We would be the first to acknowledge through personal experience that Caymanians have a limited regard for physical history, as evidenced especially by the senseless, spiteful destruction of Fort George downtown and, but for the efforts of the publisher of this newspaper, not even the little that is preserved would have remained.

However, the recent killing of the six blue iguanas goes beyond the tearing down of historical buildings into an area of complete moral outrage.

We hope that the perpetrator(s) will soon be identified and brought before the court and that, when they are, the law permits more than just a nominal fine or an equivalent slap on the wrist.

Of course, the story has received widespread coverage in the world media, including by the BBC and being featured as National Geographic’s “Photo in the News.” It must surely go without saying that overseas readers must be wondering what sort of place this is, where senseless, wanton violence towards one of the world’s most endangered species can take place. Indeed, the local community must be wondering the same thing.

Another story that has generated even more international interest is the now infamous gay kiss, which has also left the local community riven by controversy and not a little distressed over the incident itself and its ongoing implications.

It beggars belief that such an occurrence could lead to calls for independence but that is, nevertheless, exactly what seems to have happened. According to one of our readers, the prospect of independence suddenly becomes more attractive because this would apparently allow us to criminalise a public display of affection between two homosexuals, with Britain no longer having the power to prevent such legislation.

No doubt the two American visitors who now find themselves at the centre of the controversy are themselves not a little surprised at the moral turmoil they seem to have created.

The situation has not been helped by the mixed messages being sent by the government, no doubt in an attempt to please everyone.

On the one hand, the Director of Tourism issues an apology and, on the other hand, the Minister for Tourism calls the behaviour in question “offensive.” If the minister believes the conduct was offensive, why was it necessary to apologise for the predictable consequences of such behaviour?

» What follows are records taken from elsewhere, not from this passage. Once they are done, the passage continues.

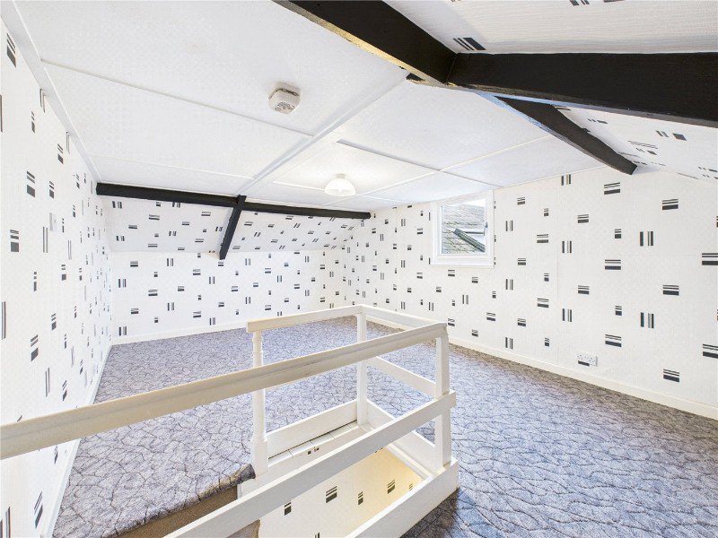 On the first floor are two comfortable and spacious bedrooms, both with fitted cupboards, and a family bathroom, while the top floor boasts a generous loft room, providing an additional versatile living area or potential third bedroom.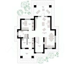 Авторский проект двухэтажного дома 184.4 м² на участке 9 соток искусно сочетает традиционную архитектуру с элементами модерна.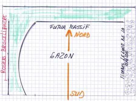 En fait, tu souhaites juste construire ton massif sur la bande du fond (1.20 m x 5 m) ? Sur le côté gauche, il ne s'agirait que de garnir le pied des rosiers, éventuellement ?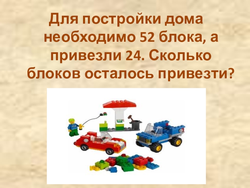 Слайд 9Для постройки дома необходимо 52 блока, а привезли 24. Сколько блоков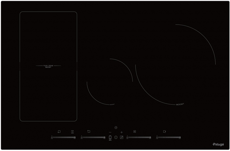 Indukční varná deska 80 cm široká; povrch z černého skla; dotykové ovládání se sliderem pro nastavení výkonu; 9 úrovní výkonu + udržování v teple; 4 varné zóny z toho Flexi zón: 1; Průměr levé přední zóny: 18x18 cm, výkon: 2000 W (Boost 2600 W), průměr levé zadní zóny: 18x18 cm, výkon: 1500 W (Boost 2000 W), průměr prostřední zóny: 16 cm, výkon: 1500 W (Boost 1800 W), průměr pravé zóny: 28 cm, výkon: 2000 W (Boost 3000 W); Celkový příkon: 7400 W; Booster; Časovač; Detekce nádobí; Indikace zbytkového tepla; Zámek ovládacího panelu + dětský zámek; Aktivace/deaktivace flexibilní zóny / BBQ; Funce plancha/grilování; Rozměry (VxŠxH): 6 x 80 x 52 cm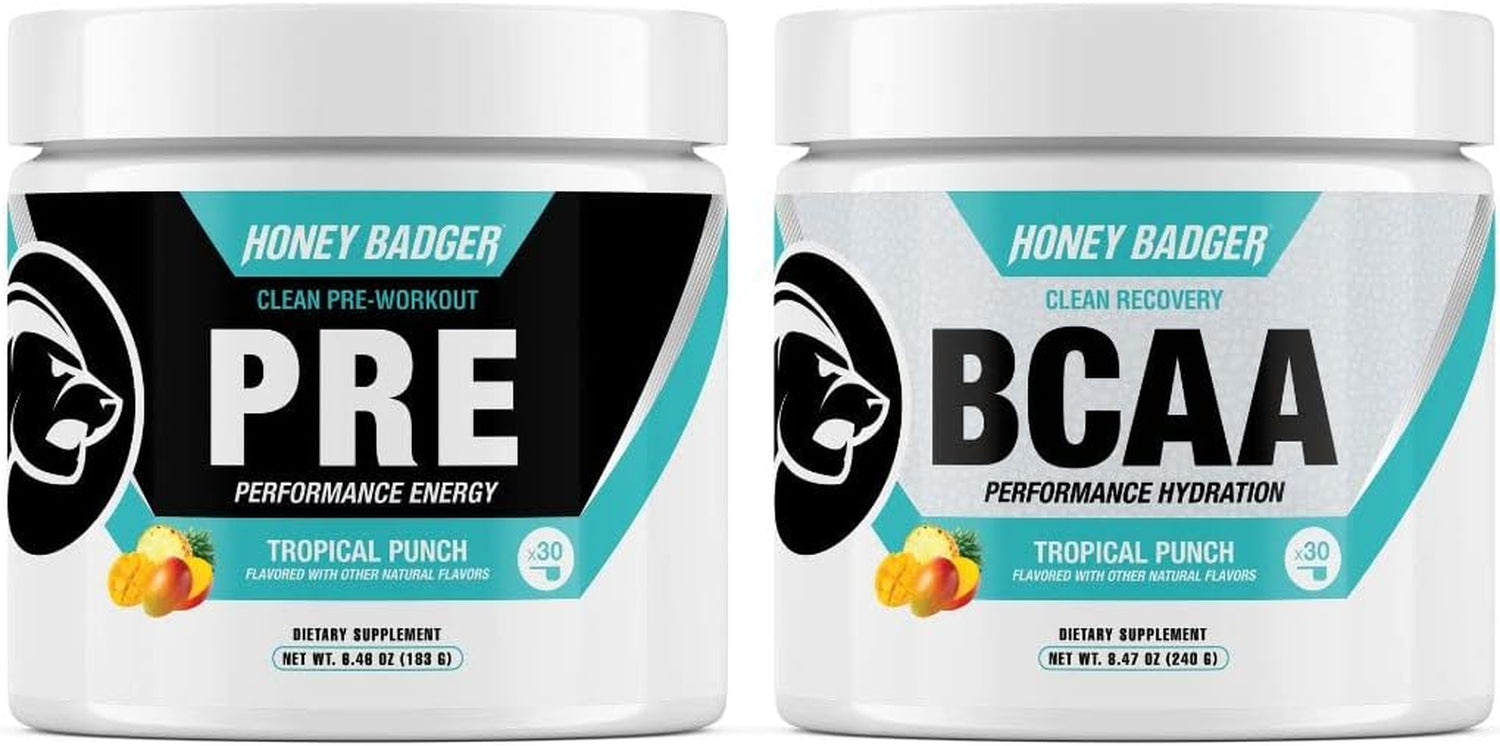 Honey Badger Pre Workout Powder | Vegan Keto Tropical Punch Preworkout | Natural Energy for Men & Women | Beta Alanine, Caffeine & Vitamin C for Immune Support | Sugar Free & Paleo | 30 Servings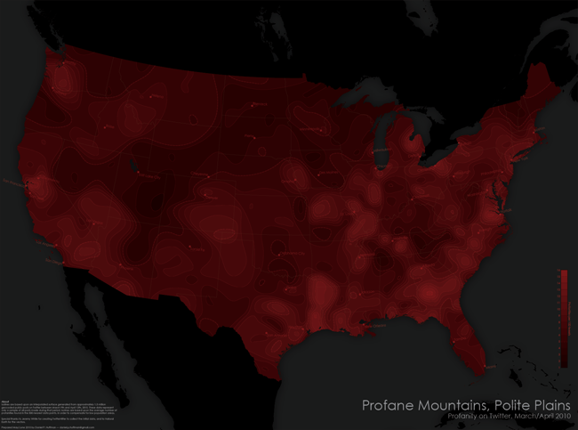 Based upon an interpolated surface generated from approximately 1.5 million geocoded public posts on Twitter between March 9th and April 12th, 2010. These data represent only a sample of all posts made during that period. Isolines are based upon the average number of profanities found in the 500 nearest data points, in order to compensate for low population areas.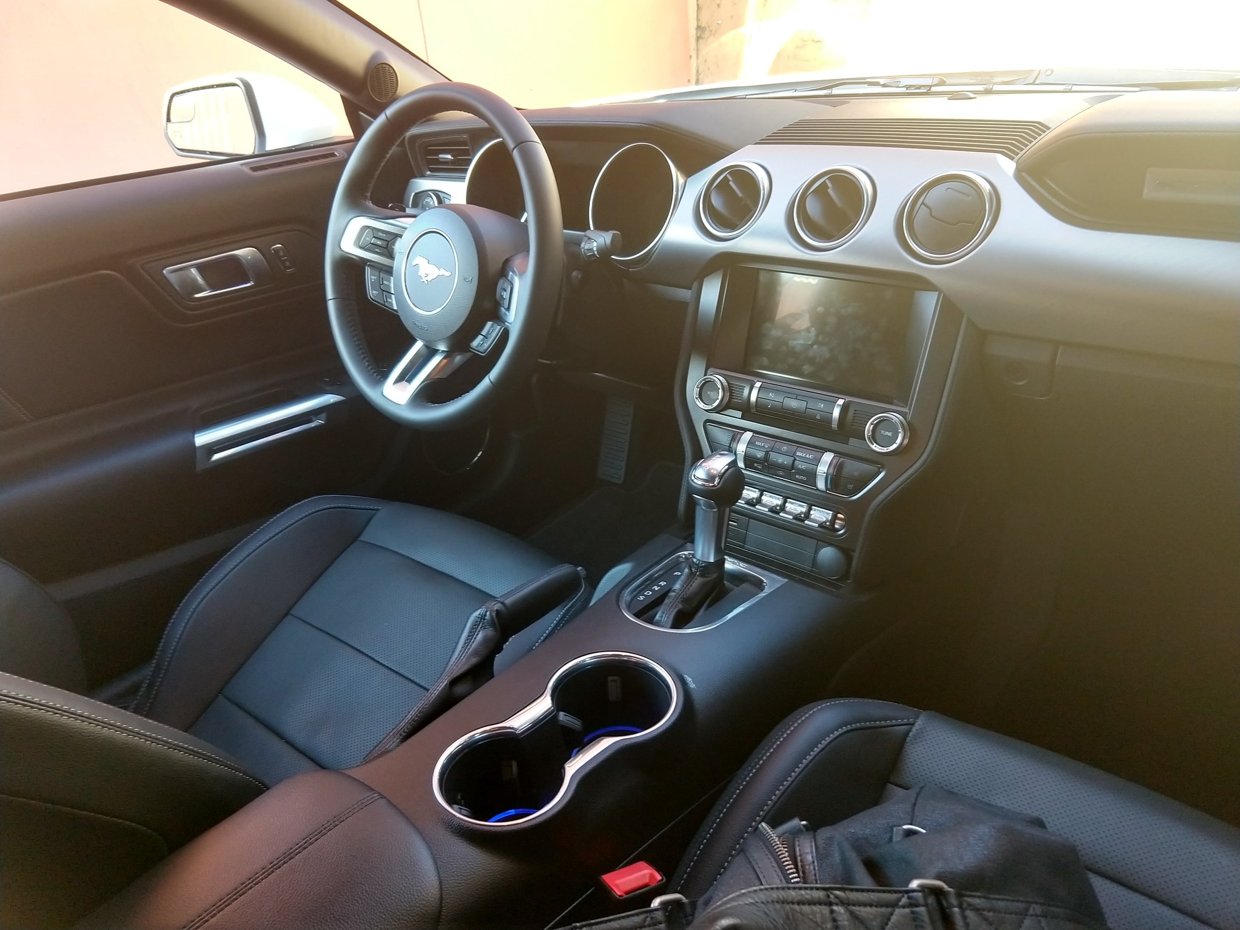 - The interior is not as slick as a BMW, but it’s so well put together. Form follows function. The audio system has two big dials that move with a satisfying notchy feel. The interior is ergonomic, comfortable, and is an updated version of the Mustang interior that has been with the car since its inception. The inside of the Mustang has never been better. I could drive for hors and hours in that bolstered seat. The continued availabilty of My Color, used to customize guage and interior ambient light color is a great bonus.

If it were necessary to apologise, why then eviscerate the sincerity of such apology immediately thereafter in a local political forum rather than an international public relations initiative outlining the society’s traditions?

No wonder the community at large is conflicted by these mixed messages, but perhaps something useful will eventually come out of the affair if minds are now more focused on the relevant constitutional issues, not the least of which is the matter of arbitrary arrest and detention, no matter what one thinks of the behaviour that led to it.

In case the situation has not yet sunk into the minds of people in the Cayman Islands, we have no enforceable rights in that respect. That is the whole point of having a bill of rights in the first place – to give us such rights that we can enforce through the local courts.

Furthermore, all of this comes on the heels of the still ongoing enquiry into conduct that led to the suspension in all but name of the three senior officers in the Royal Cayman Islands Police Service.

The fact that something sufficiently serious was going on to warrant such a drastic step by the Governor must also be weighing heavily on the minds of many, and not just those that might be nervous about an expanded enquiry into other areas of public interest.

All of these issues are strictly domestic concerns, of our own making in one way or another. What of the external dynamics – surging oil and food prices, for example – over which we have no control or responsibility?

These factors can only add to the distress many in the community are feeling at events and circumstances that it seems we can do little about.